» Data to process

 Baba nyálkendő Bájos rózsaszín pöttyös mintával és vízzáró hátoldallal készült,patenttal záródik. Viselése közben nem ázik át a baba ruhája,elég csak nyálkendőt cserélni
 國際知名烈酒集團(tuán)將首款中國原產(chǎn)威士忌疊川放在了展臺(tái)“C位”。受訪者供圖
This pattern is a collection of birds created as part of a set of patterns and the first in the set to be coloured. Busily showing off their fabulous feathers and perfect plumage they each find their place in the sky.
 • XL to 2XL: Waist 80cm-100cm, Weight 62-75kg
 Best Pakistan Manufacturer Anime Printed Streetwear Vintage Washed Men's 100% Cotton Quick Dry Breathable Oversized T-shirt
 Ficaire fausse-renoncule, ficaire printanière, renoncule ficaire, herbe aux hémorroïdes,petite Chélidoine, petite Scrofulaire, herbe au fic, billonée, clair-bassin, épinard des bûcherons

...

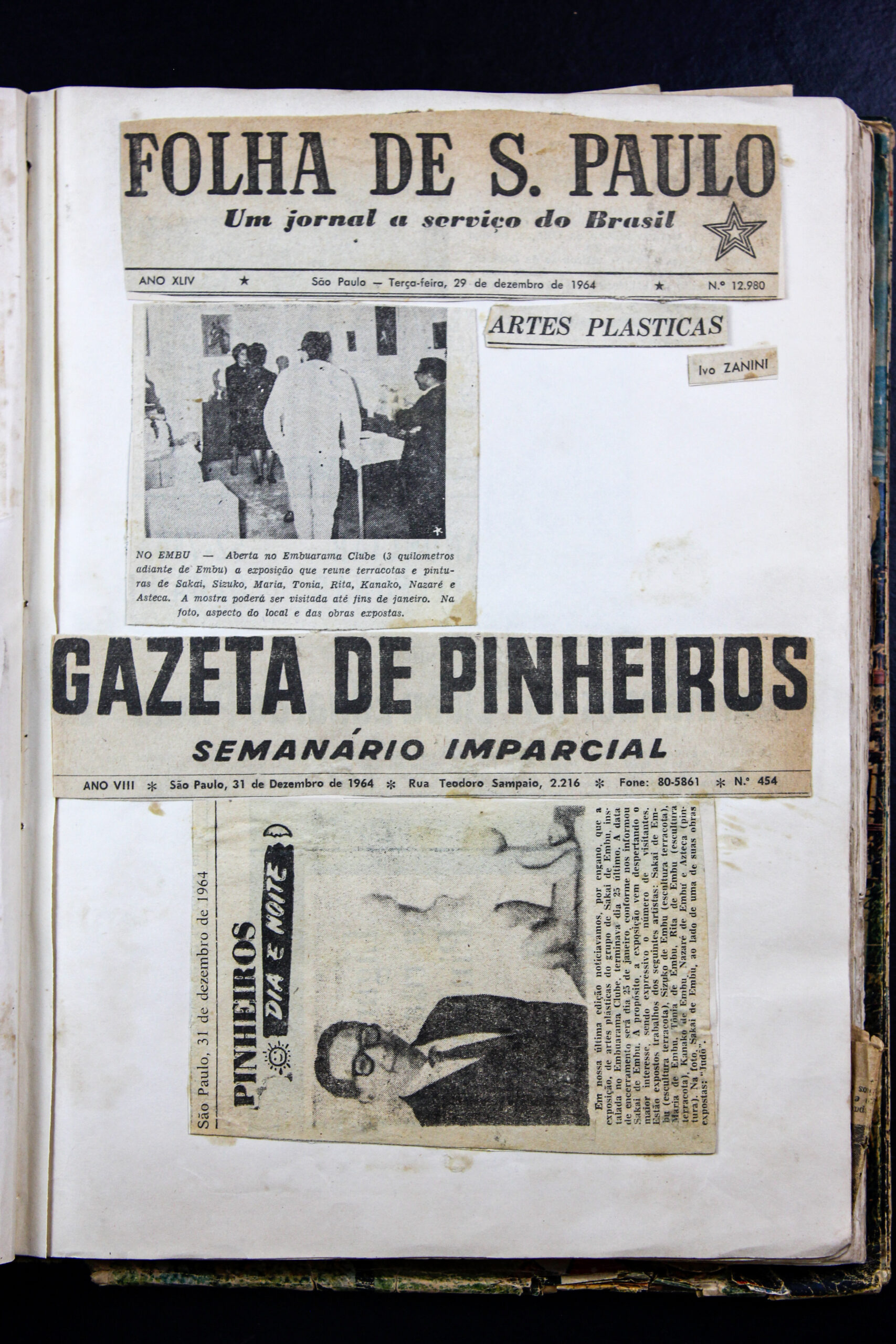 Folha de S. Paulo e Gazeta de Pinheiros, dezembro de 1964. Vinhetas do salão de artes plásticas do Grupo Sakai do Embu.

» Assignment
In the listing above, find the line with "Baba nyálkendő Bájos" and the line with "Ficaire fausse-renoncule, ficaire", then print exactly those two lines and every line between them, and nothing more.

» Exercise result
 Baba nyálkendő Bájos rózsaszín pöttyös mintával és vízzáró hátoldallal készült,patenttal záródik. Viselése közben nem ázik át a baba ruhája,elég csak nyálkendőt cserélni
 國際知名烈酒集團(tuán)將首款中國原產(chǎn)威士忌疊川放在了展臺(tái)“C位”。受訪者供圖
This pattern is a collection of birds created as part of a set of patterns and the first in the set to be coloured. Busily showing off their fabulous feathers and perfect plumage they each find their place in the sky.
 • XL to 2XL: Waist 80cm-100cm, Weight 62-75kg
 Best Pakistan Manufacturer Anime Printed Streetwear Vintage Washed Men's 100% Cotton Quick Dry Breathable Oversized T-shirt
 Ficaire fausse-renoncule, ficaire printanière, renoncule ficaire, herbe aux hémorroïdes,petite Chélidoine, petite Scrofulaire, herbe au fic, billonée, clair-bassin, épinard des bûcherons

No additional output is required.